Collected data
....................

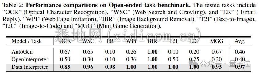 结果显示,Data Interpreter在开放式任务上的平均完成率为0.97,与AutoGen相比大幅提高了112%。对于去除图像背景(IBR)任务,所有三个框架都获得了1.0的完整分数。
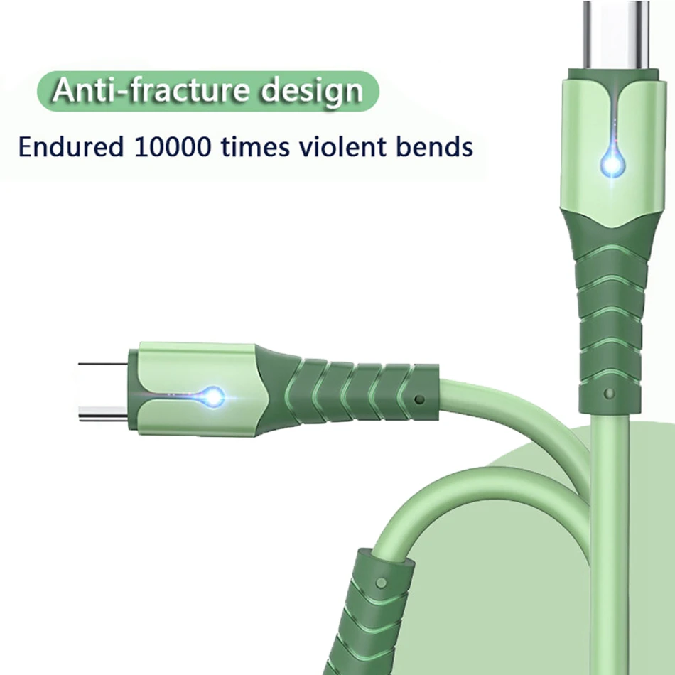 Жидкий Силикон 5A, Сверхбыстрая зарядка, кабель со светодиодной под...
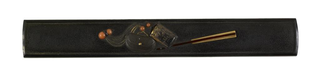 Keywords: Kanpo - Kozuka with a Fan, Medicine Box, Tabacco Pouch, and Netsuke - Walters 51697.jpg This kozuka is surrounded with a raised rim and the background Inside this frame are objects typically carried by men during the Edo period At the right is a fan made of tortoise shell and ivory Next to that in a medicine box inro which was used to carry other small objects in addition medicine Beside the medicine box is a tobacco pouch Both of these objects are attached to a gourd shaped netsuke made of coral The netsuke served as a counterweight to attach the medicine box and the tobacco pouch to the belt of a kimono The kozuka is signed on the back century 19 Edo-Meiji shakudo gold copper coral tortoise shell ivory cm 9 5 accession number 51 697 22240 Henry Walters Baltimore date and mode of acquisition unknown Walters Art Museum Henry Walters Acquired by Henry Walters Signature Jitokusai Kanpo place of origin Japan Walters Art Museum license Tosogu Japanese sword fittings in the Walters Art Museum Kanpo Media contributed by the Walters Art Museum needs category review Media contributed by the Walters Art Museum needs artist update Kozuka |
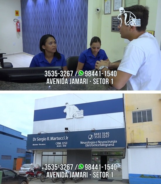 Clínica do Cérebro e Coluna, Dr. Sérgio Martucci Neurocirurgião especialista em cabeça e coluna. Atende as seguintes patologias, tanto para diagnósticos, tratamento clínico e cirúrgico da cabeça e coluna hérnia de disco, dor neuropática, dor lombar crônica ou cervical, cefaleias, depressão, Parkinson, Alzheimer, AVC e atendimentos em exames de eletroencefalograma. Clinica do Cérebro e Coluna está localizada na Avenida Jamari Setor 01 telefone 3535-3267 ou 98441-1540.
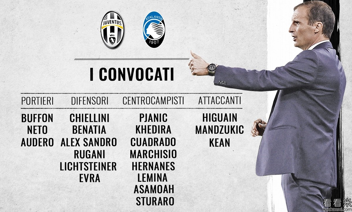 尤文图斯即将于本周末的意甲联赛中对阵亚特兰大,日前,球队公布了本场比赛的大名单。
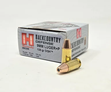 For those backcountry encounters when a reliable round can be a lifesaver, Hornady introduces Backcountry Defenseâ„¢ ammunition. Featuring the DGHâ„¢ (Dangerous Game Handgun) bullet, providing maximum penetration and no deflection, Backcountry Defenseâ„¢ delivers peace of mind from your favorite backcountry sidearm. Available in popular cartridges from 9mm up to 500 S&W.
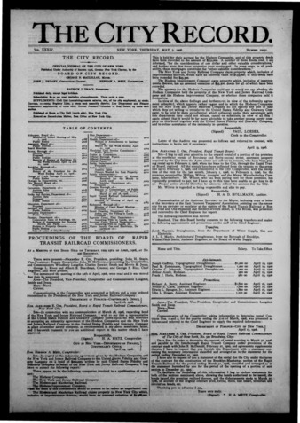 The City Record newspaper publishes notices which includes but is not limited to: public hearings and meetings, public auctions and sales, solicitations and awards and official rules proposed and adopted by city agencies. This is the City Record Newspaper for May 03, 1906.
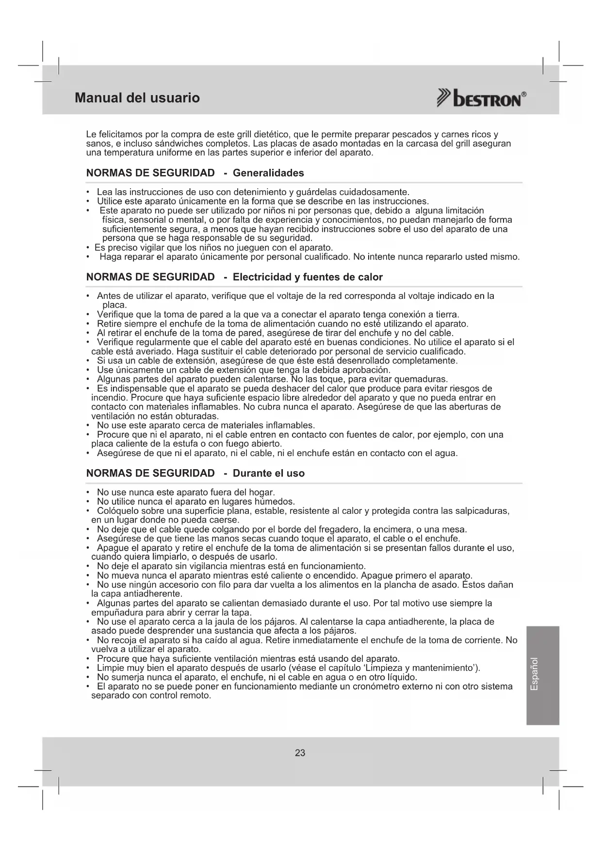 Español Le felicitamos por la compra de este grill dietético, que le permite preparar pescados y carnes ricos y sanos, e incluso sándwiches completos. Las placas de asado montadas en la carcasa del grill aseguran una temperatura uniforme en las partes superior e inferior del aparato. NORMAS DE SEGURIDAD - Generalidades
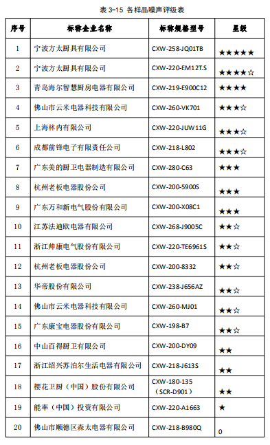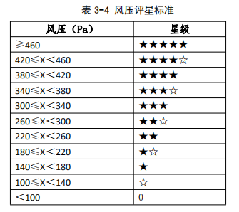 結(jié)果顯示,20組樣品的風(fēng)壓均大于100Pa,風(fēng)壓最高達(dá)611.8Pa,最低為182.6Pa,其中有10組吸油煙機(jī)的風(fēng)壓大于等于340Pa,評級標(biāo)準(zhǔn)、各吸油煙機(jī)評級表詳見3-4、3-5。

....................

__EXERCISE DETAILS__
Reproduce each entry exactly as given; no pictures, please.

__TASK RESULT__
 结果显示,Data Interpreter在开放式任务上的平均完成率为0.97,与AutoGen相比大幅提高了112%。对于去除图像背景(IBR)任务,所有三个框架都获得了1.0的完整分数。
 Жидкий Силикон 5A, Сверхбыстрая зарядка, кабель со светодиодной под...
 Keywords: Kanpo - Kozuka with a Fan, Medicine Box, Tabacco Pouch, and Netsuke - Walters 51697.jpg This kozuka is surrounded with a raised rim and the background Inside this frame are objects typically carried by men during the Edo period At the right is a fan made of tortoise shell and ivory Next to that in a medicine box inro which was used to carry other small objects in addition medicine Beside the medicine box is a tobacco pouch Both of these objects are attached to a gourd shaped netsuke made of coral The netsuke served as a counterweight to attach the medicine box and the tobacco pouch to the belt of a kimono The kozuka is signed on the back century 19 Edo-Meiji shakudo gold copper coral tortoise shell ivory cm 9 5 accession number 51 697 22240 Henry Walters Baltimore date and mode of acquisition unknown Walters Art Museum Henry Walters Acquired by Henry Walters Signature Jitokusai Kanpo place of origin Japan Walters Art Museum license Tosogu Japanese sword fittings in the Walters Art Museum Kanpo Media contributed by the Walters Art Museum needs category review Media contributed by the Walters Art Museum needs artist update Kozuka |
 Clínica do Cérebro e Coluna, Dr. Sérgio Martucci Neurocirurgião especialista em cabeça e coluna. Atende as seguintes patologias, tanto para diagnósticos, tratamento clínico e cirúrgico da cabeça e coluna hérnia de disco, dor neuropática, dor lombar crônica ou cervical, cefaleias, depressão, Parkinson, Alzheimer, AVC e atendimentos em exames de eletroencefalograma. Clinica do Cérebro e Coluna está localizada na Avenida Jamari Setor 01 telefone 3535-3267 ou 98441-1540.
 尤文图斯即将于本周末的意甲联赛中对阵亚特兰大,日前,球队公布了本场比赛的大名单。
 For those backcountry encounters when a reliable round can be a lifesaver, Hornady introduces Backcountry Defenseâ„¢ ammunition. Featuring the DGHâ„¢ (Dangerous Game Handgun) bullet, providing maximum penetration and no deflection, Backcountry Defenseâ„¢ delivers peace of mind from your favorite backcountry sidearm. Available in popular cartridges from 9mm up to 500 S&W.
 The City Record newspaper publishes notices which includes but is not limited to: public hearings and meetings, public auctions and sales, solicitations and awards and official rules proposed and adopted by city agencies. This is the City Record Newspaper for May 03, 1906.
 Español Le felicitamos por la compra de este grill dietético, que le permite preparar pescados y carnes ricos y sanos, e incluso sándwiches completos. Las placas de asado montadas en la carcasa del grill aseguran una temperatura uniforme en las partes superior e inferior del aparato. NORMAS DE SEGURIDAD - Generalidades
 結(jié)果顯示,20組樣品的風(fēng)壓均大于100Pa,風(fēng)壓最高達(dá)611.8Pa,最低為182.6Pa,其中有10組吸油煙機(jī)的風(fēng)壓大于等于340Pa,評級標(biāo)準(zhǔn)、各吸油煙機(jī)評級表詳見3-4、3-5。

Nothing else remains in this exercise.